Squirrels manifest foresight and economy in storing nuts for the winter's use; yet they have no brain convolutions. The cetacea, especially whales, have much larger brains than men, with more numerous and more complex convolutions and deeper sulci; yet their intelligence bears no comparison with that of the human race.

Three eminent men are known to have had very small convolutions of the brain—viz., Louis Asseline, Dr. Tiedemann, and Baron von Liebig. We have to add to this remarkable list two, not named, but described by Dr. Wagner as having been very intelligent, who yet possessed very few convolutions in their very small brains.[2] As Wagner's book was printed before Liebig died, he could not have been one of the two to whom the author referred.

Idiots often possess as large brains as men distinguished for intellectual power, and their brains have as deep sulci, and convolutions as fine, as large, and as complex.
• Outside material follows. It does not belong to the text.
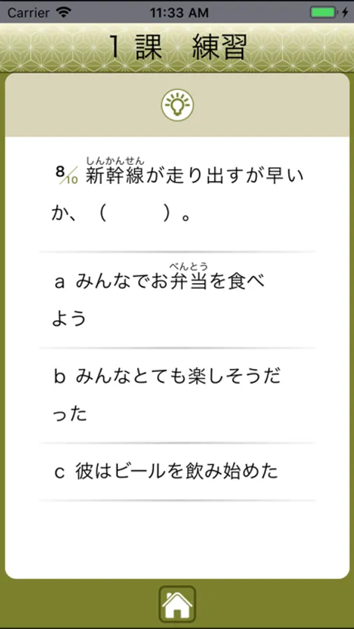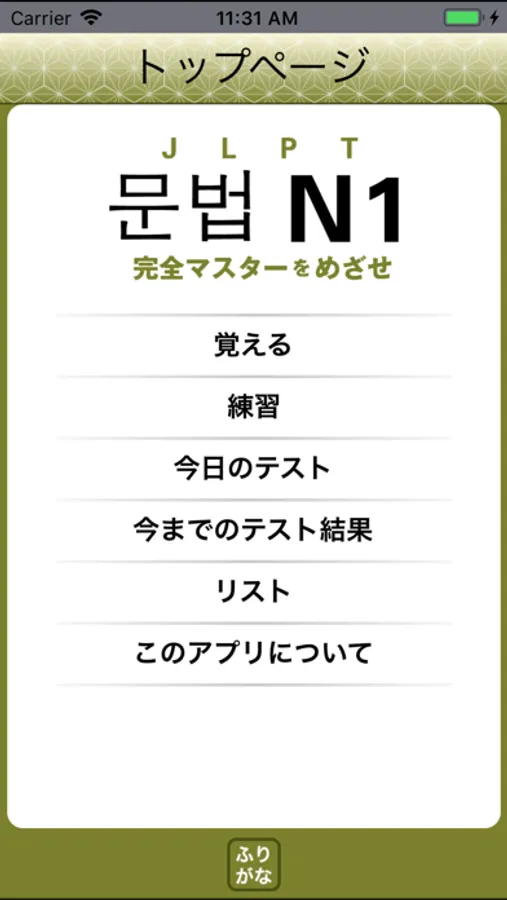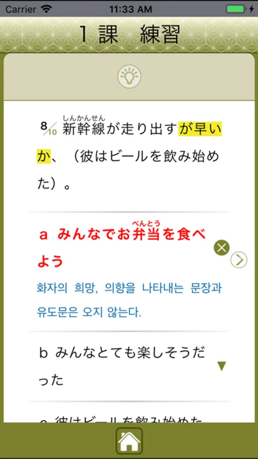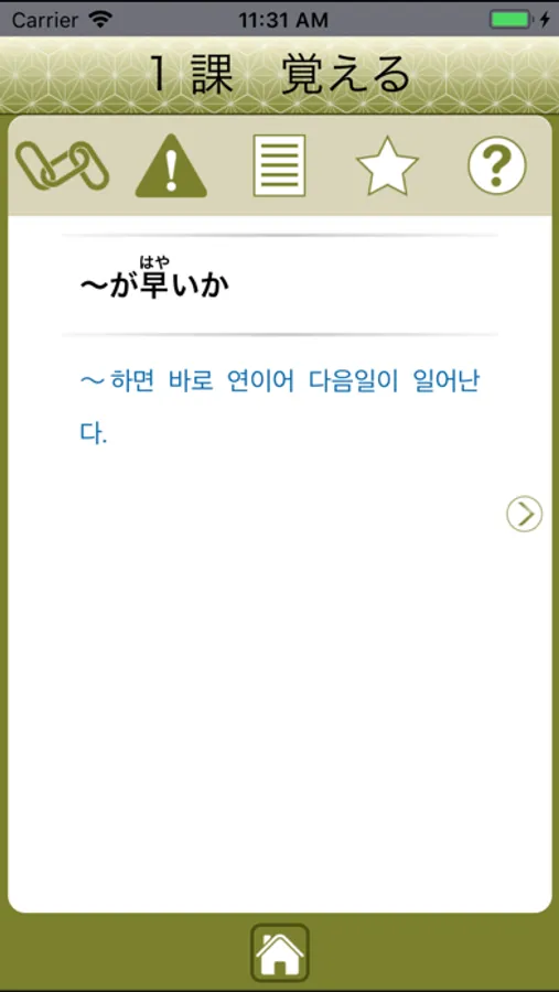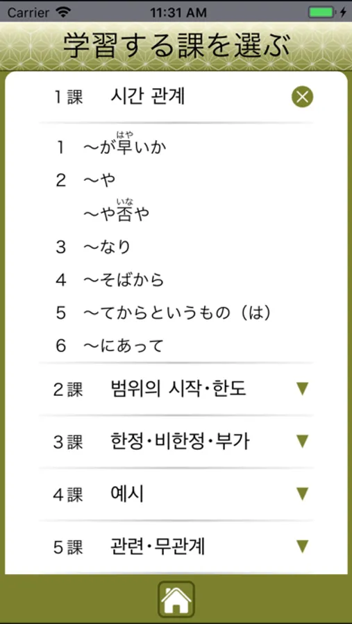 「リスト」:文法形式を五十音順、課順、お気に入りで並べ替えて、学習したい文法形式を選ぶことができます。
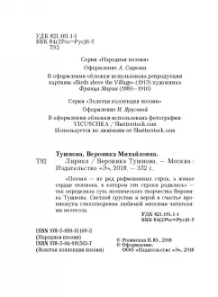 Объем, стр. 352 ISBN 978-5-04-091563-7 Автор Тушнова Вероника Михайловна Серия Золотая коллекция поэзии Минимальный возраст 16+ Год издания книги 2018 Тип обложки Твердый переплет Иллюстрации Без иллюстраций Вес, г 200г Размеры 145х115х20 мм - Отзывы

Our table of the common and weakminded contains a mention of an idiot whose brain weighed 53 ounces, or exactly as much as Napoleon's, and had fine convolutions and a large frontal lobe, but who could never learn to speak.

The elephant carries a far larger brain than man, finely formed, broad and high in front, with much more numerous and complex convolutions and deeper anfractuosities, and yet no intelligent person would for a moment claim that its mind excels or even equals that of man.

It may be well here to allow some eminent physiologists to give their views on this subject. "The researches of anatomists have disposed of every point advanced by Gall. Curiously enough, M. Camille Dareste has placed beyond dispute the fact that the number and depth of the convolutions bear no direct proportion to the development of intelligence, whereas they do bear a direct proportion


  1. Anatomie comparative du système nerveux, tome i, 1839, p. 506.